Without the pictures, set down exactly the lines from the one that contains "Microvascular perfusion expressed" to the end of the entries, both included, and nothing besides.

(Collection entries)
--- START ---

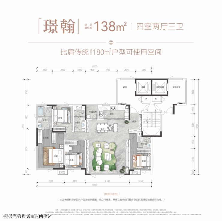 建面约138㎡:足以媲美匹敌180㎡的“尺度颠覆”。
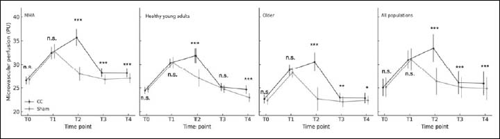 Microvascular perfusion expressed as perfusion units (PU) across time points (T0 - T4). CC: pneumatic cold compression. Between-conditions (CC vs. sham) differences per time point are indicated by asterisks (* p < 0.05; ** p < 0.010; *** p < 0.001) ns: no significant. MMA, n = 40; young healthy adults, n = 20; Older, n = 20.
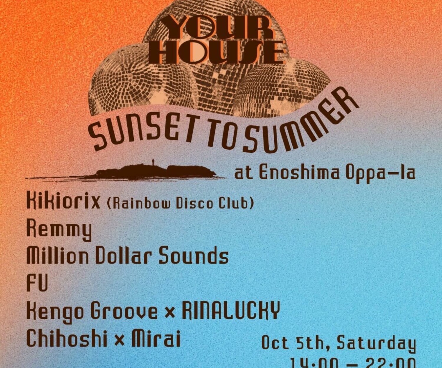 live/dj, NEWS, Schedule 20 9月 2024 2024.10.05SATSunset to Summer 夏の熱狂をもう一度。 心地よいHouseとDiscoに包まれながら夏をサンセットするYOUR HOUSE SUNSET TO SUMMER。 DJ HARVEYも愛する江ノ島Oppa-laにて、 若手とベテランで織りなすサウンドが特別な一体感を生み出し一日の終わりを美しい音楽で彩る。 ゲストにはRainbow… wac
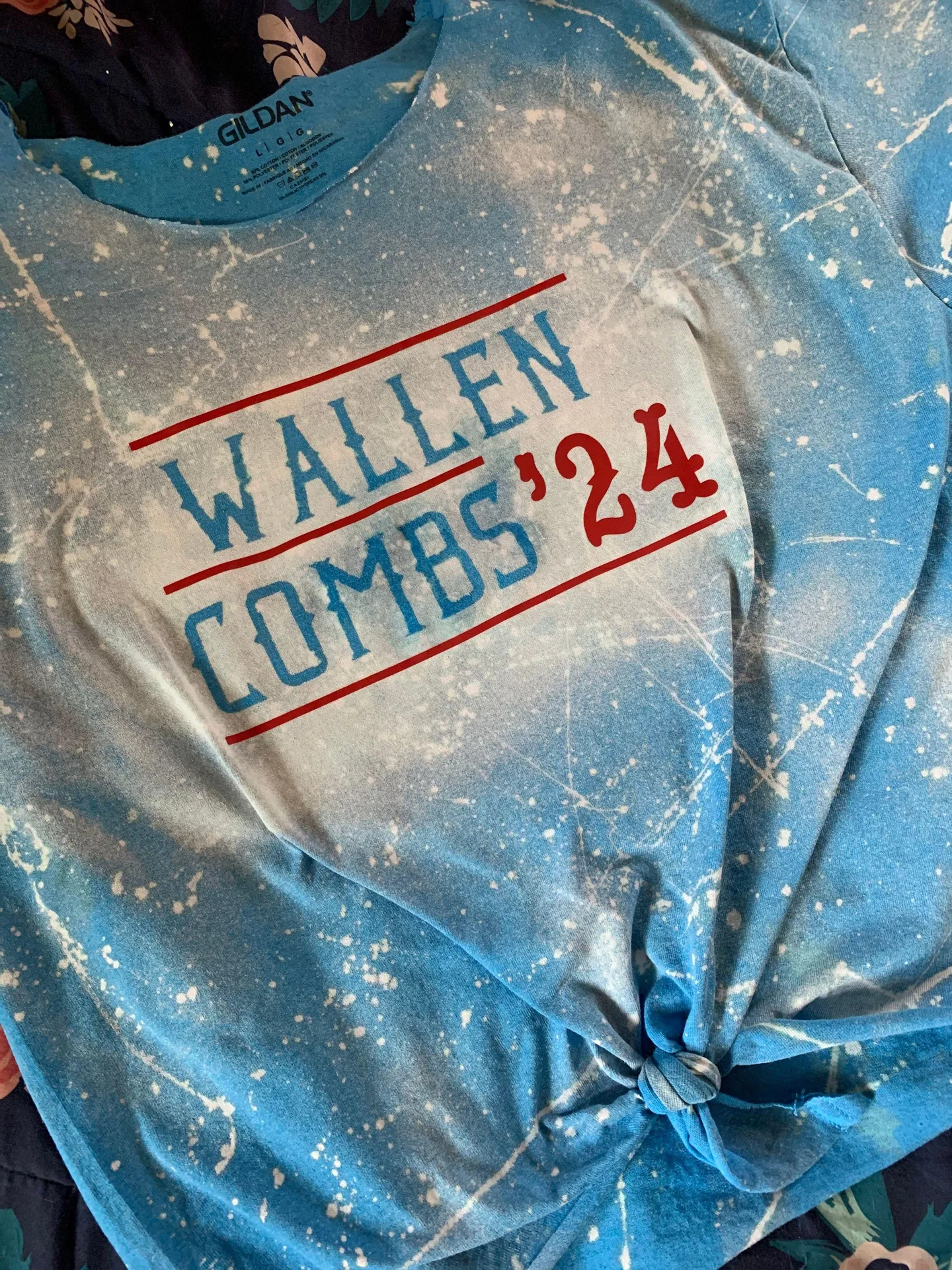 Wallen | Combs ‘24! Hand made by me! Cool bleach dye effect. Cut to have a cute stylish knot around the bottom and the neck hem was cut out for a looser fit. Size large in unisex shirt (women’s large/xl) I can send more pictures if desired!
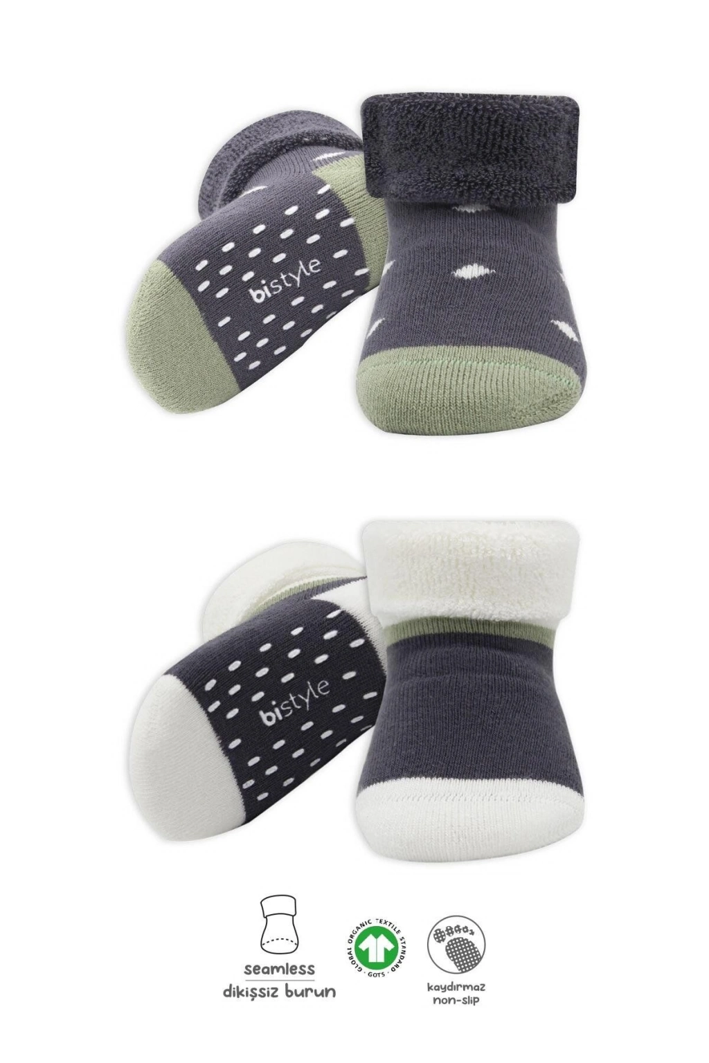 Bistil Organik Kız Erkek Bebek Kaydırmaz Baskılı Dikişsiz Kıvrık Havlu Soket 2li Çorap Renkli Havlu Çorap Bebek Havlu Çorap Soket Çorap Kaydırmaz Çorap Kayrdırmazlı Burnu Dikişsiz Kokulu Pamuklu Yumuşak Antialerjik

--- END ---

## YOUR SOLUTION
 Microvascular perfusion expressed as perfusion units (PU) across time points (T0 - T4). CC: pneumatic cold compression. Between-conditions (CC vs. sham) differences per time point are indicated by asterisks (* p < 0.05; ** p < 0.010; *** p < 0.001) ns: no significant. MMA, n = 40; young healthy adults, n = 20; Older, n = 20.
 live/dj, NEWS, Schedule 20 9月 2024 2024.10.05SATSunset to Summer 夏の熱狂をもう一度。 心地よいHouseとDiscoに包まれながら夏をサンセットするYOUR HOUSE SUNSET TO SUMMER。 DJ HARVEYも愛する江ノ島Oppa-laにて、 若手とベテランで織りなすサウンドが特別な一体感を生み出し一日の終わりを美しい音楽で彩る。 ゲストにはRainbow… wac
 Wallen | Combs ‘24! Hand made by me! Cool bleach dye effect. Cut to have a cute stylish knot around the bottom and the neck hem was cut out for a looser fit. Size large in unisex shirt (women’s large/xl) I can send more pictures if desired!
 Bistil Organik Kız Erkek Bebek Kaydırmaz Baskılı Dikişsiz Kıvrık Havlu Soket 2li Çorap Renkli Havlu Çorap Bebek Havlu Çorap Soket Çorap Kaydırmaz Çorap Kayrdırmazlı Burnu Dikişsiz Kokulu Pamuklu Yumuşak Antialerjik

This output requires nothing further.